Chris Hansen’ın çıkarı yok mu bu işten? Geçen şubat ayına kadar adını bile duymadığımız bir adam yeni salon teklifiyle geliyor, ve NBA basketbolunu Seattle’a geri getireceğini vaat ediyor. “Kimsin lan sen?” derler tabi adama. Bir sıcaklık hissediyorum kendisine karşı. Hansen yakışıklı adam, Bennett gibi muşmula suratlı değil. Daha da önemlisi kendini “Sonics guy” olarak tanımlıyor. Takım için yapılması gerekenleri yaptığını, kahraman olarak anılmak istemediğini belirtiyor ısrarla. Oysa kahraman oldu bile. Samimiyeti hakkında kesin şeyler söylemek imkansız, ancak şu ana kadar sergilediği tavır, bir iş adamından ziyade, hakikaten Sonics’i özleyen biri gibi. Salon için sunduğu teklifin son derece cömert bir teklif olduğunu ve şehir yönetiminin sunduğu her şartı kabul ettiğini biliyoruz.
NBA’in yanı sıra NHL maçlarına da ev sahipliği yapacak olan salonun inşasına başlamak için ise öncelikle bir NBA franchise’ının satın alınması lazım. David Stern takım sayısında artış istemediği için yeni bir franchise ihtimali şu aşamada yok denecek kadar az. Mevcut NBA takımlarından Seattle’a gelme ihtimali en fazla olan da hepimizin bildiği üzere Sacramento Kings. Yani Chris Hansen’ın öncelikle Kings’i satın alması gerekecek ve Maloof’lar da mutlaka zorluk çıkaracaktır bu konuda. Sabırlı olmamız gerektiğini söylüyor Hansen gayet rahat bir şekilde. Öyle ya da böyle Sonics’in geri döneceğine inanıyor. Bütün şehri de arkasına almış durumda.
Peki bu durumda ben ne yapacağım? Ben derken kastettiğim ben ve benim gibi Sonics taraftarıyken, Thunder’a geçen dönekler.
Oklahoma’daki son dört sene kolay olmadı benim için. Thunder bu kadar iyi yönetilip, bu kadar kısa süre içerisinde dipten zirveye çıkacak bir kadro oluşturulmasaydı, sevmemenin imkansız olduğu bir oyuncu grubu oluşturulmasaydı, belki önyargılarla başladığım Thunder maceram uzun sürmeyecekti. Seattle Supersonics elden giderken sürekli birilerine sallayan, sürekli Sonicsgate’ten bölümler izleyen adamın, Thunder’la beraber hoplaya zıplaya maç seyretmesi pek samimi gelmeyebilir. Dediğim gibi uzun süren bir kimlik bunalımı yaşadım ve hiç kolay olmadı, ciddiyim.

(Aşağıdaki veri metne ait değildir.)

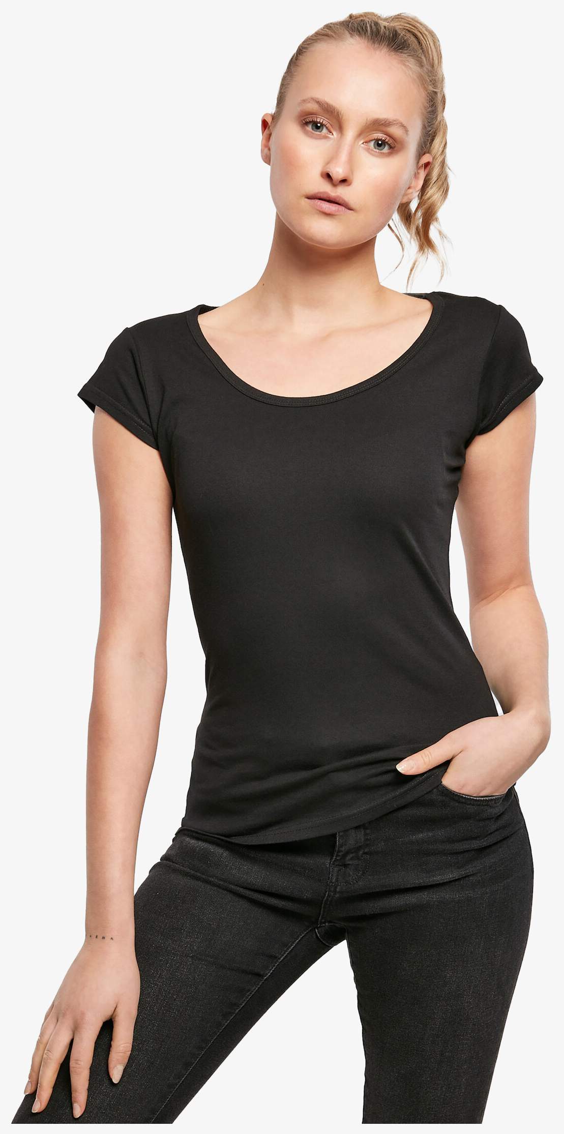 Der Ladies Back Cut ist ein kurzärmeliges tee-shirt aus einfachem Jersey mit offenem Rückenteil und neutralem Größenetikett.
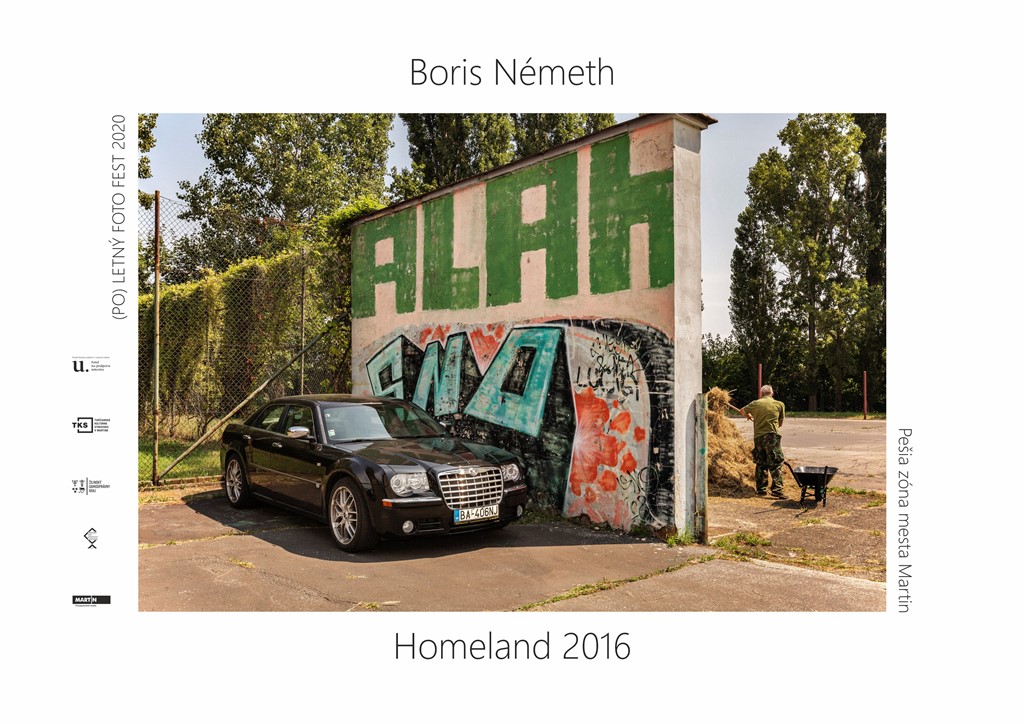 "je projektom o nacionalizme v nás. Môžeme ho však čítať aj ako portrét rozkladajúcej sa spoločnosti, či ako cyklus o hľadaní národnej identity. Nemá podobu klasického dokumentu, je skôr sériou vizuálnych reprezentácií aktuálnych celospoločenských nálad – strachu, hnevu, rozčarovania, beznádeje. Boris Németh sa vo fotografiách vyhýba reportážnej doslovnosti a priamočiarosti, očisťuje ich od prvoplánových metafor či ľahko čitateľných príbehov. Ak zobrazuje jedinca, nekonkretizuje ho. Fotografuje ho zväčša z diaľky, s tvárou odvrátenou od objektívu alebo ho izoluje v bizarných prostrediach. Premieňa ho na symbol človeka utláčaného systémom, splývajúceho s davom alebo dobrovoľne opúšťajúceho spoločnosť. Aj do zátiší vkladá obrazy nefungujúceho systému, náznaky silnejúcich extrémistických prejavov a pokrivenosti vlasteneckého cítenia. Tradičný slovenský symbol – Jánošík, je odrazu len vyprázdnenou formou, do ktorej si môžeme dosadiť mýtus uspôsobený podľa našej ľubovôle. Aj muchotrávka uprostred vypusteného bazénu je len umelým parazitujúcim elementom. Výsledky prieskumu verejnej mienky – Eurobarometer z jesene 2015 priniesli zistenie, že Slováci majú spomedzi krajín Európy najmenšie pochopenie pre spolužitie s inými náboženskými, etnickými či sexuálnymi skupinami. Narastajúce prejavy xenofóbie a radikálne pravicových názorov tieto výsledky len potvrdzujú. Kedy sme prestali byť tým povestným pohostinným národom? A boli sme ním niekedy vôbec? Cieľom projektu Homeland nie je moralizovať, ale skôr znepokojiť, zneistiť. Pretože práve to môže byť cesta, vedúca k diskusii a k odpovedi na otázku, ktorú podvedome vyvoláva záverečná fotografia katalógu: Kto a čo všetko môže spolunažívať v jednej domovine?" Michaela Pašteková, kurátor
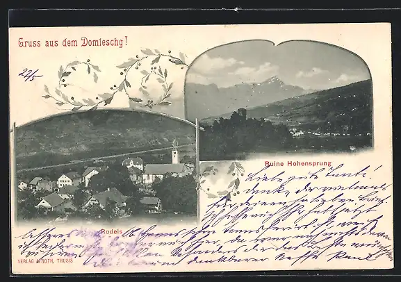 AK Rodels, Ortsansicht und Ruine Hohensprung
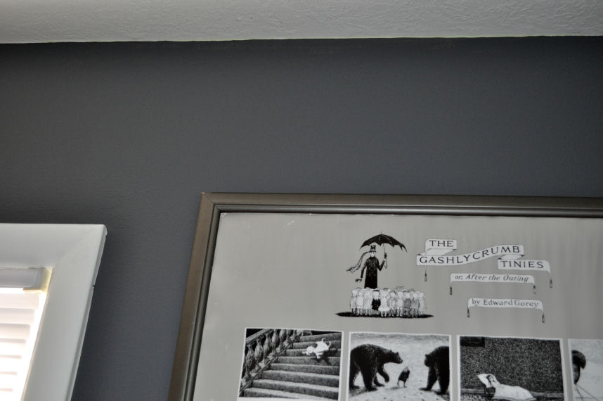 I finished painting my daughter’s room. Dark grey. I protested, not a little. She stood firm (ooh, I raised an independent girl. A fact which bites me in the butt sometimes). It wasn’t until I got all the way around with the first coat, and could see it more or less in a complete state, that I realized it looks nice. Tara said, “I like how you called it ‘my cave’ Mom, because it is! It’s my cave!”
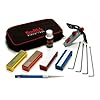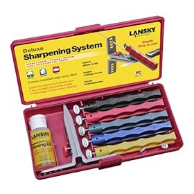 Lansky Deluxe 5-Stone Sharpening System: Sports & Outdoors. The 25-degree angle is recommended for knives that need a durable, sharp edge, such as hunting and outdoor knives. Sharpen all of your knives with ease with the Lansky Deluxe five-stone sharpening system. The system comes with five sharpening hones of different coarseness: an extra-coarse hone (70 grit), a coarse hone (120 grit), a medium hone (280 grit), a fine alumina oxide hone (600 grit), and an extra-fine ceramic hone (1,000 grit). As a result, you'll have the tools to sharpen virtually any type of kitchen, hobby, hunting, or garden knife. The system is easy to use, with a controlled-angle sharpening system built into the precision-engineered knife clamp. Simply secure the knife and choose your preferred angle and you'll receive a professional razor-sharp edge every time. Each of the four angle options is suitable for a different knife type. The severe 17-degree angle is recommended for razor blades, X-Acto blades, scalpels, and similar tools, as it provides an extremely sharp but delicate edge. The 20-degree angle is commonly used for higher-quality blades, making it ideal for kitchen cutlery and filet knives. And the 30-degree angle is recommended for heavy-duty knives that commonly cut cardboard, wire, or carpets Each honing stone is color-coded, with finger-grooved safety holders to keep your hand secure.
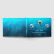 This elegant lake house guest book features an AI created turtle on a turquoise blue ocean background.
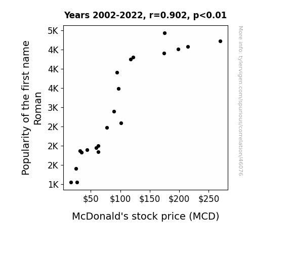 This means 81.4% of the change in the one variable (i.e., McDonald's stock price (MCD)) is predictable based on the change in the other (i.e., Popularity of the first name Roman) over the 21 years from 2002 through 2022.
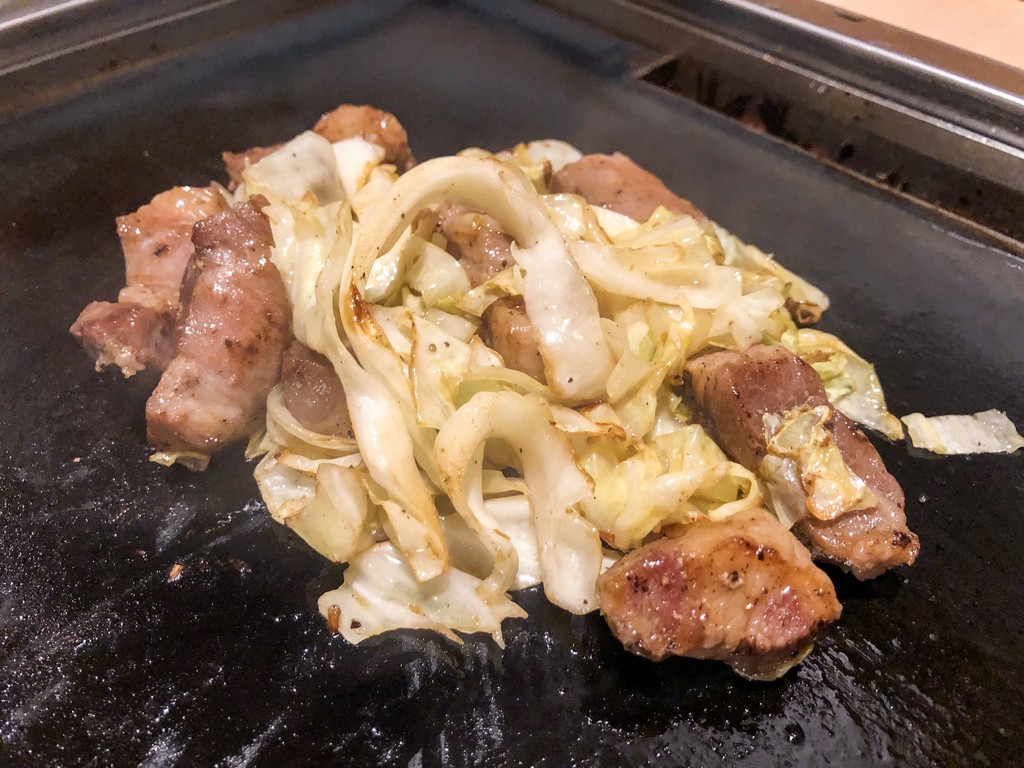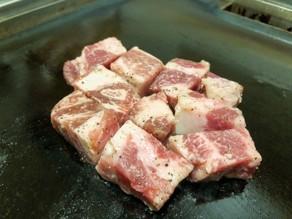次にいただいたのは「イベリコ豚サイコロステーキ」。これも大ぶりのカットで嬉しい〜。味付けはシンプルに塩胡椒で。肉の旨味、脂の甘みをたっぷり感じられました。これが1100円とは、お得すぎではないですかね・・・?

Kendime ve başkalarına yaptığım açıklama şöyleydi: “Ben Seattle şehrinin mensubu değilim, ben takımın taraftarıyım, oyuncular benim oyuncularım, tabi ki desteklemeye devam edeceğim.” Destekledim de Thunder’ı. Skandalın üzerinden geçen süre, bu süre içerisinde Thunder’ın kafaya oynayan ve yıllarca da kafaya oynayacak bir takım yaratması, kardeşim gibi sevdiğim Durant’ler, Harden’lar, Westbrook’lar Seattle’ı unutturmuş gibiydi. Artık olan olmuştu ve ortaya çıkan yeni takımı lanetlemektense, hiçbir günahı olmayan bu oyuncu grubunu bağrıma basmakta bir sakınca görmedim.
En zoru ilk seneydi. İçimde kopan fırtınaları bir ben bilirim. Batug.com’daki Sonics yazarlığım bittikten sonra Thunder’a devam etmek istediğimi söyledim. Aslında çok istekli değildim, ama bu yeni takımı sevmenin en güzel yolunun yazarlıktan geçtiğini düşündüm. Zamanında Seattle sevgimi perçinleyen, birkaç kat arttıran yine yazarlık (ve dolayısıyla yakından takip etmek) olmuştu. Taşınma olayının ciddiyetini de henüz kavrayamamıştım sanırım, ince detayına kadar takip etmeme rağmen. “Seattle takımsız kalmaz, seneye yeni bir franchise kurulur mutlaka” diyordum içimden. Thunder zaten paspas bir takımdı o an için ve Kevin Durant’ten başka elle tutulacak bir şey yok gibiydi.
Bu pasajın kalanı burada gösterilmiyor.